Street Performers

September 11, 2013  •  Leave a Comment

 

By Johnathan Comer

Street Sense, 09/11/2013

Coming up the escalator, the sound is quiet at first; a distant noise, as if my ears aren’t quite sure what they’re hearing. A few feet up, the sound grows and becomes unmistakable. As sunlight falls across the top of the escalator, the swelling music replaces the roar of Metro cars below. For a brief moment, the music is reminiscent of a movie score, whereupon I am at the main character and a soundtrack is cuing the start of my day. The white noise of the city brings me back to reality, and I step off the escalator, searching for the source of what sounds like classical guitar music.

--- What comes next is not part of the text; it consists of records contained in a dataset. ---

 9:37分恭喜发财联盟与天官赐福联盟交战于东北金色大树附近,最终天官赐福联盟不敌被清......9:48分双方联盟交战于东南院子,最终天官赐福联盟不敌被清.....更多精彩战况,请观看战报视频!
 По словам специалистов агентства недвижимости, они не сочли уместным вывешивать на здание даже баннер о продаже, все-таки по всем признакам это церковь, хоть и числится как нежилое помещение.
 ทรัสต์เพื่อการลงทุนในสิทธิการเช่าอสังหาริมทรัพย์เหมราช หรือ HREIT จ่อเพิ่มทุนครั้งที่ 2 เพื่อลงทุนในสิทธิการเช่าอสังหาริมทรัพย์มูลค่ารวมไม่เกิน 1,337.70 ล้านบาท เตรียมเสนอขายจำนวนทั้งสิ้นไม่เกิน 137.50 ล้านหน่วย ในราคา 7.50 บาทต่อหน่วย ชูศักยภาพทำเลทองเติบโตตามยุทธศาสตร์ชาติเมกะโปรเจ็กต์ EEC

This morning there is a man playing what appears to be a mandolin, though it sounds more like a guitar. For the past few weeks, he has been intermittently serenading the morning crowds at Farragut North. As he effortlessly plays his instrument, far fewer people drop money into his “tip box” than the beauty of the notes deserves. I, too, drop a few dollars into his box, to which he sincerely thanks me. Rather than keep walking, however, I briefly stand and listen, then begin to take a few quick photographs of this “busker” at work. As I leave, he smiles and nods; I do the same.  

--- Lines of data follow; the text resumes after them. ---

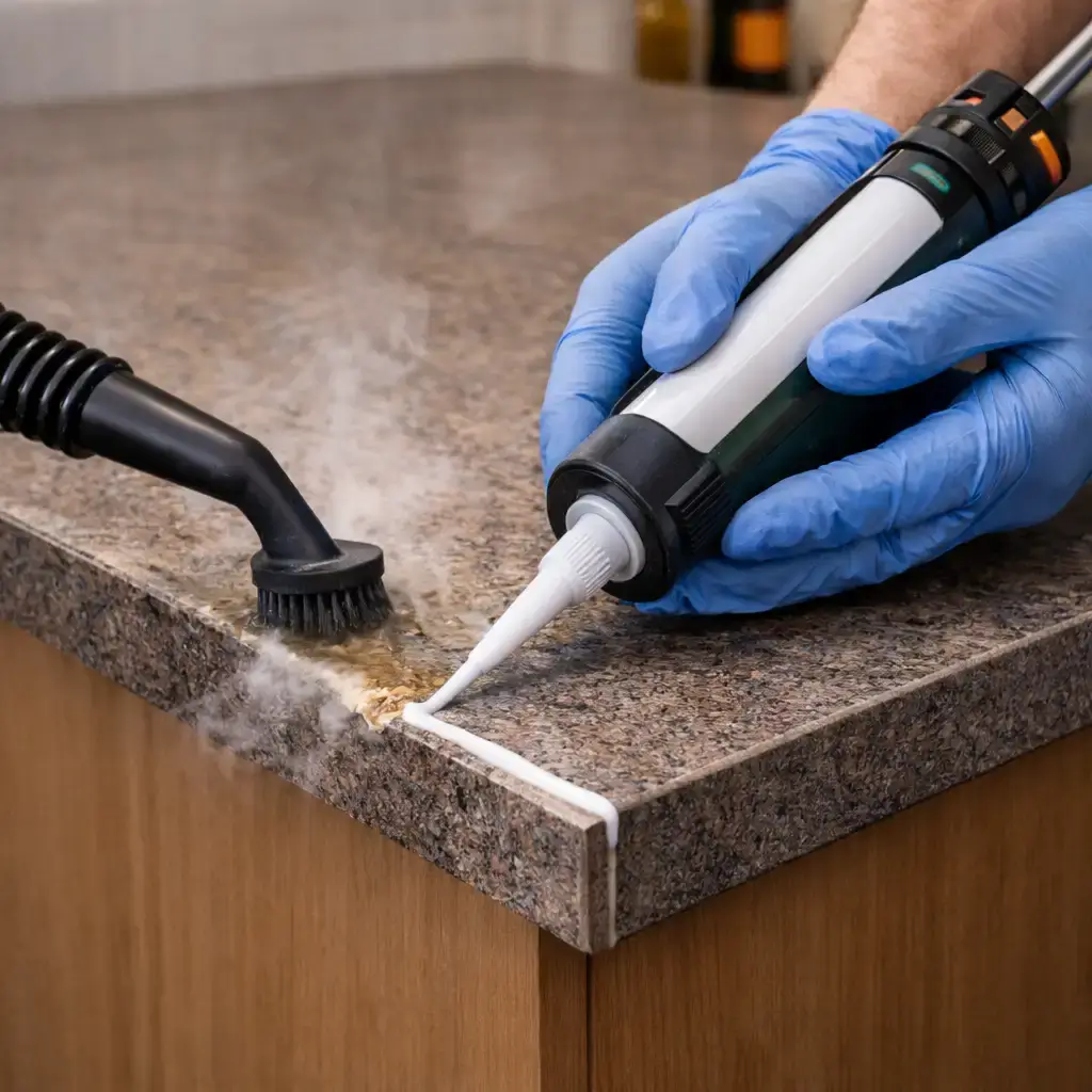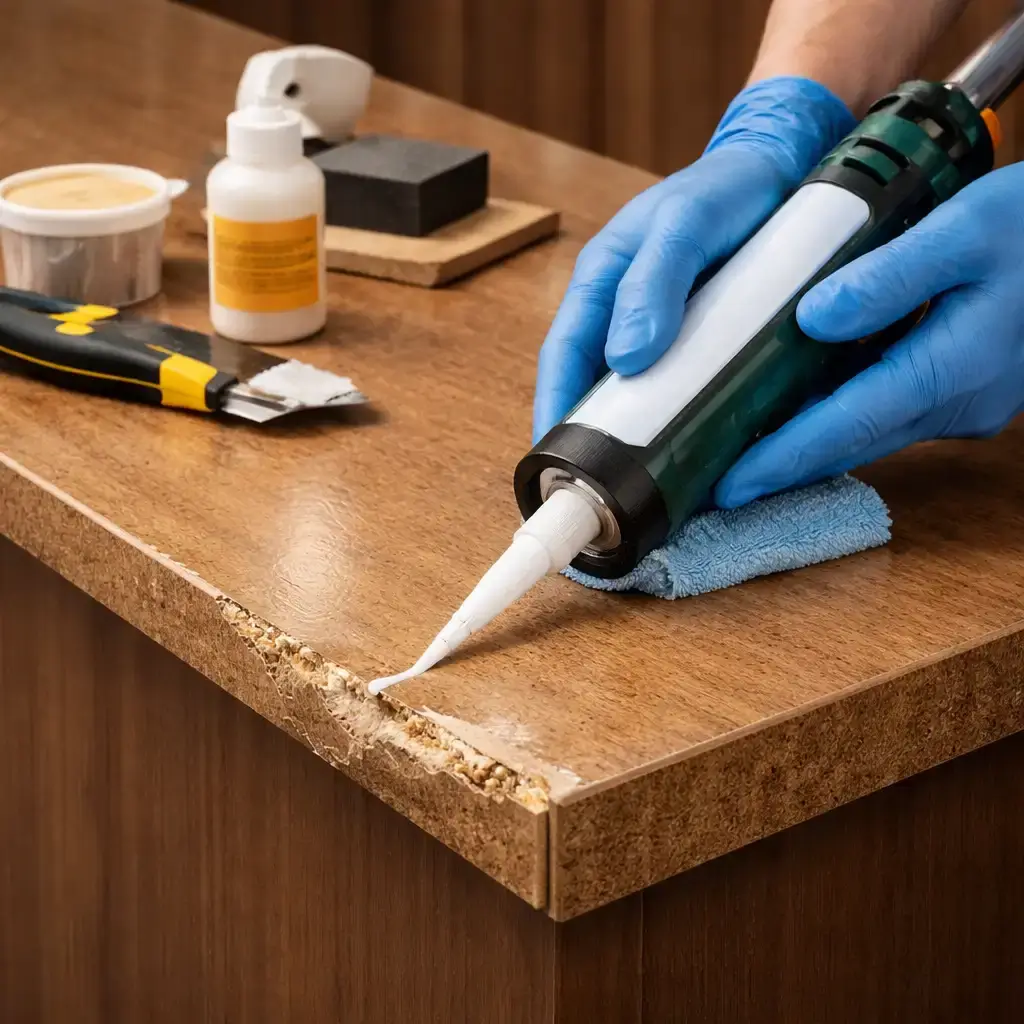 Что требуется | Глубокая очистка пор ДСП и замена герметика |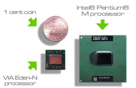 Заявленная мощность новинки при тактовой частоте 800 МГц составляет 6 Вт, и всего 7 Вт — для 1 ГГц версии. О широком внедрении чипов Eden-N данных до сих пор нет: процессор, габариты которого наполовину меньше Pentium M, предназначен, главным образом, для использования с платами форм-фактора Nano-ITX (12 x 12 см), сроки и массовость их поставок пока толком не озвучены.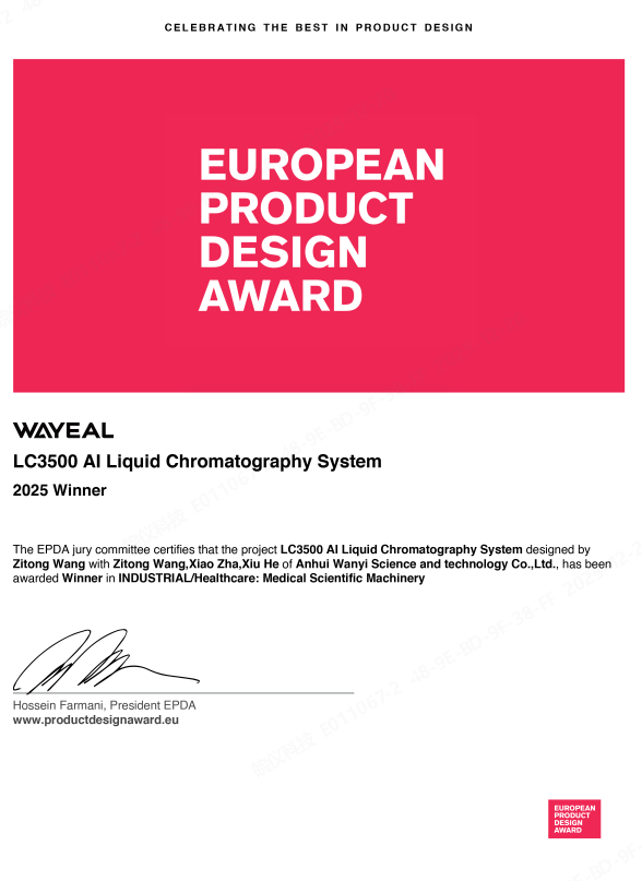 2025年12月22日,安徽皖仪科技股份有限公司(以下简称“皖仪科技”)宣布,其LC3500液相色谱系统凭借卓越的综合实力,成功摘得2025年欧洲产品设计奖(European Product Design Award)。这一成就成为中国高端分析仪器在本年度国际奖项评选中的重要里程碑,不仅体现了产品在性能与设计方面的突出表现,也标志着欧洲市场对皖仪科技品牌的高度认可,为中国分析仪器拓展全球高端市场注入新动力。

For the past week I have been searching for street performers, otherwise known as “buskers.” In D.C., most buskers can be found at or near Metro stations during weekdays at rush-hour, though they do certainly perform whenever a crowd can be found. At the Chinatown/Gallery Place Metro station, for example, it common to see a drummer, dancer, or guitarist almost any day of the week. At other stations, such as L’Enfant, one will typically see a busker only on weekdays, as commuters hurriedly head to and from work.  

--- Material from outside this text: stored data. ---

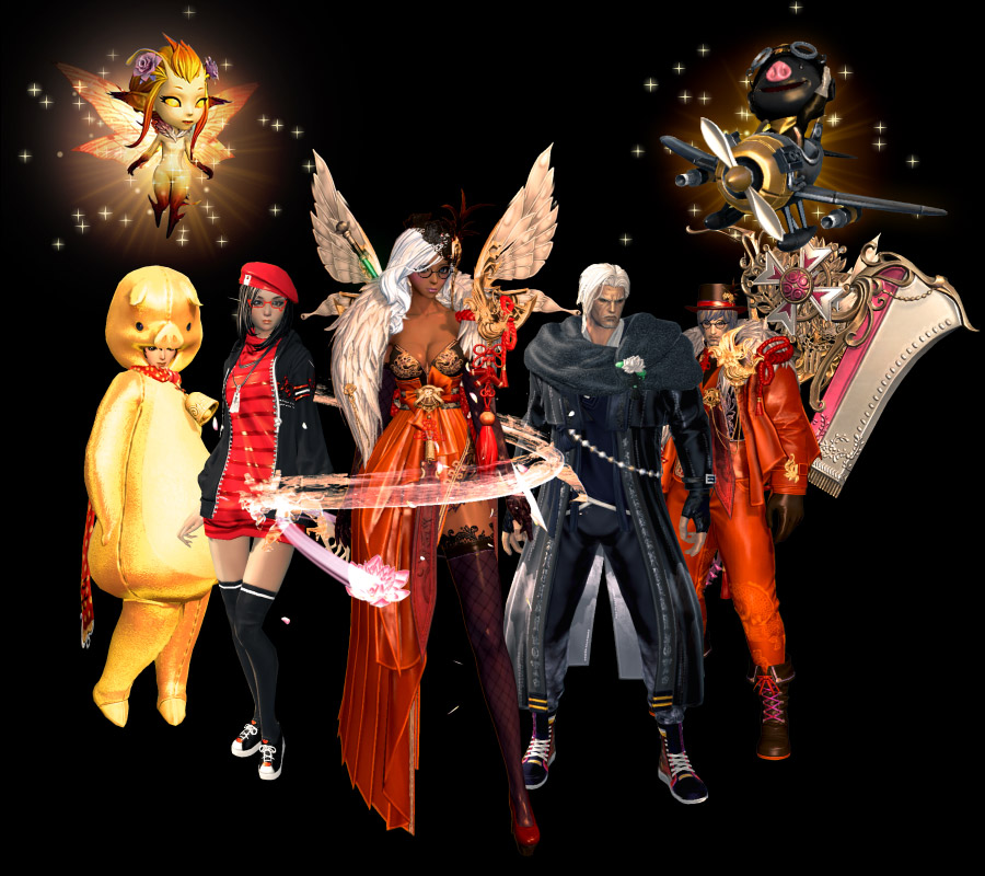 Cosmetics: Equinox Costume, Adornment & Hair, Sightseer Costume, Hat & Glasses, Razzle Dazzle Costume, Hat, Glasses, & Wings, Golden Piglet Costume & Hat, питомец Pixie Pet, питомец Flying Pig Pet, сундук Lotus Illusion Weapon Chest, сундук Fable Illusion Weapon Chest, Sealed Lotus Skill Illusion, крылья Sapphire Wings, крылья Skybloom Wings, Carnation.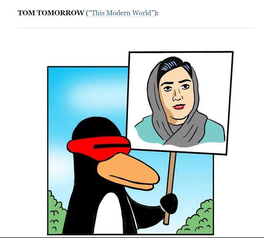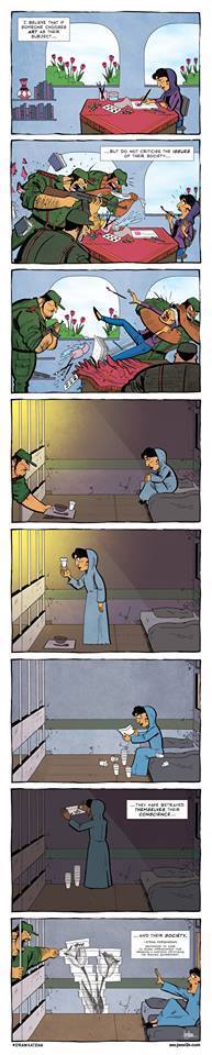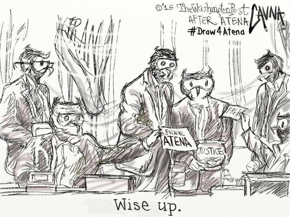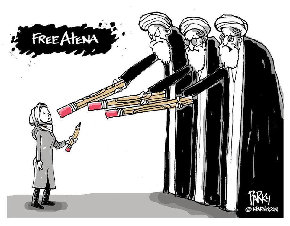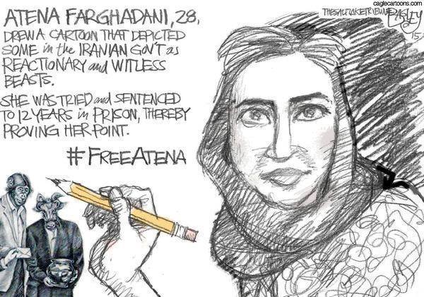 هفتهی گذشته، «مایکل کاونا» (کامیک ریفس)، روزنامهنگار و کارتونیست امریکایی روزنامهی واشنگتنپست با انتشار فراخوانی، از همکارانش در سراسر جهان خواست تا در حمایت از آتنا فرقدانی، فعال جوان ایرانی که به ۱۲ سال و ۹ ماه حبس محکوم شده، طرح بکشند.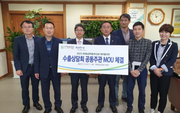 전라남도국제농업박람회 사무국은 국제농업박람회 수출 성과 창출을 위해 대한무역투자진흥공사(KOTRA)와 ‘2023 국제농업박람회 해외바이어 수출상담회’개최 업무협약을 했다고 밝혔다.협약식에는 박홍재 국제농업박람회 대표이사와 백인기 대한무역투자진흥공사 광주전남지원단장 등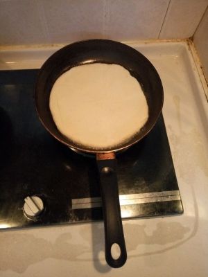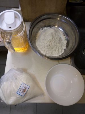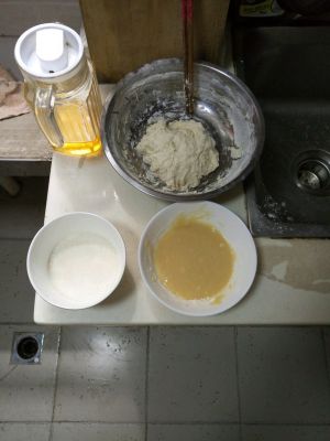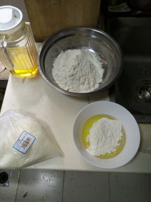 取一碗,碗里放少量食用油,再加面粉并搅拌均匀,准备做“馅”。

Though their art is certainly beautiful and entertaining, I have another goal in mind: to photograph them while performing. It takes a certain amount of courage to perform within the midst of so many people, with the only assured reward being this: sharing one’s talent with the world. Though they are unknown to the world at large, their talent is worth remembrance; some of the most powerful drum patterns I have heard were projected from nothing more than large buckets and trashcans.  As such, to photograph a busker is remember their talent and passion.